§ **SUPPLIED ENTRIES**
-*-*-
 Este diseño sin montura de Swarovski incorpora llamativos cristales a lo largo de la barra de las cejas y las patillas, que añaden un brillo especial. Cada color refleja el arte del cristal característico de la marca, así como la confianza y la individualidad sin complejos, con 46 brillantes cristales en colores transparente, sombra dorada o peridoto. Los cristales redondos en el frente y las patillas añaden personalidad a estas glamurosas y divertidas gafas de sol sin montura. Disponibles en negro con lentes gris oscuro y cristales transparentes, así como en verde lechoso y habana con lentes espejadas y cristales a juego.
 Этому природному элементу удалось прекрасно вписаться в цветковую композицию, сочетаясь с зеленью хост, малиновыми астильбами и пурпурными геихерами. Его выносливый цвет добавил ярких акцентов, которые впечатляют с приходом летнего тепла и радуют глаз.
-*-*-
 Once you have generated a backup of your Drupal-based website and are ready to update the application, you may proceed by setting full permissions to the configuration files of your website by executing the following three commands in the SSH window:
-*-*-
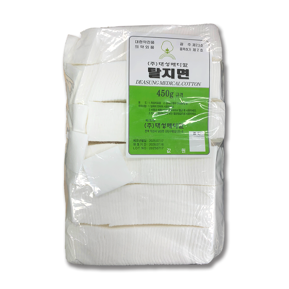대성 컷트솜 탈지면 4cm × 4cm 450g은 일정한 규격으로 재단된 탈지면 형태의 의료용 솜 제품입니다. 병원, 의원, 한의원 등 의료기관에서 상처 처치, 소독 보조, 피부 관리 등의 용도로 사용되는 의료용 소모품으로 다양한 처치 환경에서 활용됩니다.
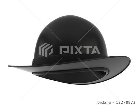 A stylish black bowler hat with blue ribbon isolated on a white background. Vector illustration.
-*-*-
§ **WORK ITEM**
Would you please copy exactly the part of the entries above that begins at the line containing "Este diseño sin" and ends at the line containing "Этому природному элементу", both lines included?

§ **RESPONSE AREA**
 Este diseño sin montura de Swarovski incorpora llamativos cristales a lo largo de la barra de las cejas y las patillas, que añaden un brillo especial. Cada color refleja el arte del cristal característico de la marca, así como la confianza y la individualidad sin complejos, con 46 brillantes cristales en colores transparente, sombra dorada o peridoto. Los cristales redondos en el frente y las patillas añaden personalidad a estas glamurosas y divertidas gafas de sol sin montura. Disponibles en negro con lentes gris oscuro y cristales transparentes, así como en verde lechoso y habana con lentes espejadas y cristales a juego.
 Этому природному элементу удалось прекрасно вписаться в цветковую композицию, сочетаясь с зеленью хост, малиновыми астильбами и пурпурными геихерами. Его выносливый цвет добавил ярких акцентов, которые впечатляют с приходом летнего тепла и радуют глаз.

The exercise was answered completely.